---
license: openrail
pipeline_tag: text-to-image
datasets:
- HuggingFaceTB/everyday-conversations-llama3.1-2k
language:
- ab
metrics:
- bertscore
base_model: microsoft/Phi-3.5-vision-instruct
library_name: espnet
tags:
- art
---
# ImageDream Model Card

This model card focuses on the model associated with the [ImageDream paper](https://image-dream.github.io/)

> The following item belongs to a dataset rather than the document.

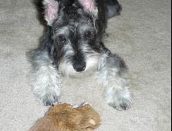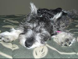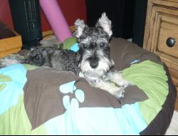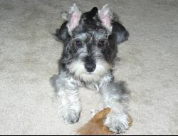 At right around 11 lbs., she is the smallest miniature schnauzer we have had. Mike was initially quite opposed to getting another dog at that time, but Kalie convinced him (read: made him) and Phoebe has turned into a daddy’s girl... She loves to give kisses and loves to have her belly rubbed.

See also: https://github.com/ByteDance/ImageDream for code base.

## Description of Files

sd-v2.1-base-4view-ipmv.pt

- the ImageDream-Pixel diffusion model fine-tuned from [MVDream v2.1](https://huggingface.co/MVDream/MVDream)

sd-v2.1-base-4view-ipmv-local.pt

- the ImageDream diffusion model without pixel-controller tuned from [MVDream v2.1](https://huggingface.co/MVDream/MVDream)

## Citation

```
@article{wang2023imagedream,
  title={ImageDream: Image-Prompt Multi-view Diffusion for 3D Generation},
  author={Wang, Peng and Shi, Yichun},
  journal={arXiv preprint arXiv:2312.02201},
  year={2023}
}
```

## Misuse, Malicious Use, and Out-of-Scope Use

The model should not be used to intentionally create or disseminate images that create hostile or alienating environments for people. This includes generating images that people would foreseeably find disturbing, distressing, or offensive; or content that propagates historical or current stereotypes.